Oil slips further on talk of easing output curbs

NEW YORK (Reuters) – Oil prices fell about 1 percent on Thursday, with expectations building that OPEC could wind down the output deal in place since the start of 2017, due to supply concerns out of Venezuela and Iran. U.S. West Texas Intermediate (WTI) crude futures fell 67 cents to $71.17 a barrel, a 0.9 percent loss.

Brent crude futures fell 61 cents, or 0.8 percent, to $79.19 a barrel by 11:24 a.m. EDT.

The Organization of the Petroleum Exporting Countries may decide in June to lift output to make up for reduced supply from Venezuela and Iran, the latter in part due to the U.S. decision to withdraw from the Iran nuclear arms control deal, OPEC and oil industry sources told Reuters.

Russian Energy Minister Alexander Novak said production cuts could be eased “softly” if OPEC and non-OPEC countries see the oil market balancing in June, the Interfax news agency reported.

Russia and Saudi Arabia have a common position on the future of the oil output cut deal, Novak told Interfax news agency, though he said the deal would stay in place for now. Russia’s Lukoil said the deal should remain in place but needs to be altered.

“A move to put more oil on the market by Saudi Arabia and Russia would be very bearish for prices. The mere contemplation of it has hit oil prices this week,” said John Kilduff, a partner at Again Capital LLC in New York.

Venezuela’s output has fallen to about 1.4 million barrels per day, according to OPEC secondary sources, as its economic crisis grows and state-run PDVSA struggles to pay its debts and fund operations.

Supply concerns have pushed Brent and WTI to multi-year highs, with Brent breaking through an $80 threshold last week for the first time since November 2014.

OPEC and some non-OPEC major oil producers, which are scheduled to meet in Vienna next month, previously agreed to curb their combined output by about 1.8 million bpd to boost oil prices and clear a supply glut.

Global inventories have been broadly falling, even as U.S. crude production remains strong. The United States in February produced 10.3 million bpd, a record.

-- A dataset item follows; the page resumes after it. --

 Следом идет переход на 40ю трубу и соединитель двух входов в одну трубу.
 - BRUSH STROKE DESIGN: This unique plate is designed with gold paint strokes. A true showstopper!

On Thursday, U.S. President Donald Trump called off a planned summit with North Korean leader Kim Jong Un over that nation’s nuclear aims.

Trump’s comments should be negative for oil prices, but the comments pushed the dollar index down, supporting crude futures, Commerzbank strategist Carsten Fritsch said.

A weaker dollar makes greenback-denominated commodities less expensive for holders of other currencies. The dollar fell more than 0.2 percent against a basket of currencies.